** Brief **
Each line from the one containing "Birendra Khatiwada receives" through the last line of the data below should be printed exactly, please, with any pictures omitted.

** Available data **
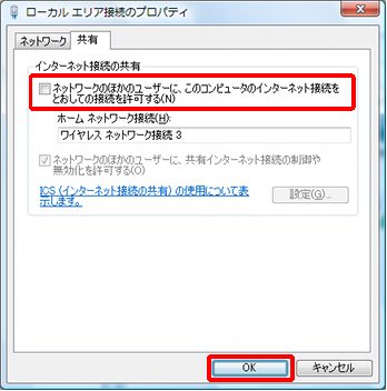 「ネットワークのほかのユーザーに、このコンピュータのインターネット接続をとおしての接続を許可する」のチェックをはずし、
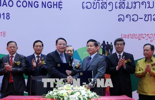 ພິທີລົງນາມໃນສັນຍາວ່າດ້ວຍການຮ່ວມມື ແລະຖ່າຍທອດເຕັກໂນໂລຢີ ລະຫວ່າງບັນດາມະຫາວິທະຍາໄລ, ວິສາຫະກິດ ຫວຽດນາມ ກັບບັນດາວິສາຫະກິດລາວ (ພາບ: Pham Kien/TTXVN) |
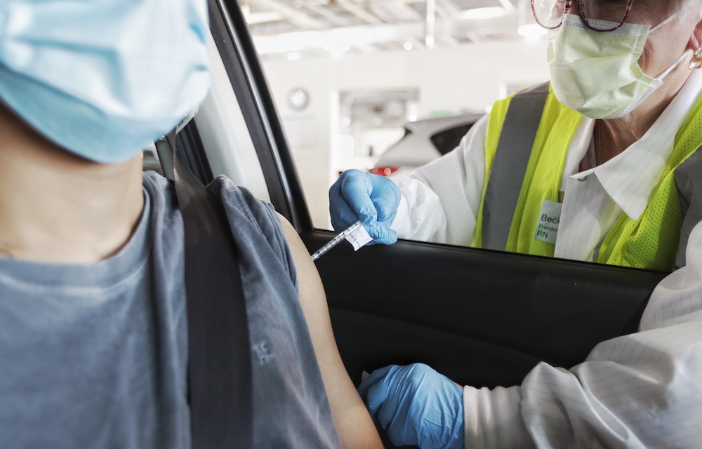 Birendra Khatiwada receives the first of two doses of the Pfizer Covid-19 vaccine at Sparrow Laboratories Drive-Thru Services (Formerly Sears Auto Center) on March 24, 2021.
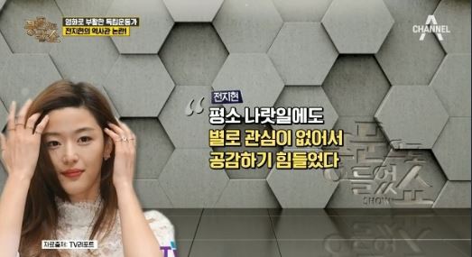 이에 레이디제인은 “한 영화 관련 인터뷰에서 논란이 된 적이 있다며. 전지현은 그 당시 인터뷰에서 ‘독립이나 민족정신에 크게 관심있었던 것도 아니고 평소 나랏일도 별로 관심이 없어서 공감하기 어려웠다’고 말했다”고 전했지요.

** Written answer **
 Birendra Khatiwada receives the first of two doses of the Pfizer Covid-19 vaccine at Sparrow Laboratories Drive-Thru Services (Formerly Sears Auto Center) on March 24, 2021.
 이에 레이디제인은 “한 영화 관련 인터뷰에서 논란이 된 적이 있다며. 전지현은 그 당시 인터뷰에서 ‘독립이나 민족정신에 크게 관심있었던 것도 아니고 평소 나랏일도 별로 관심이 없어서 공감하기 어려웠다’고 말했다”고 전했지요.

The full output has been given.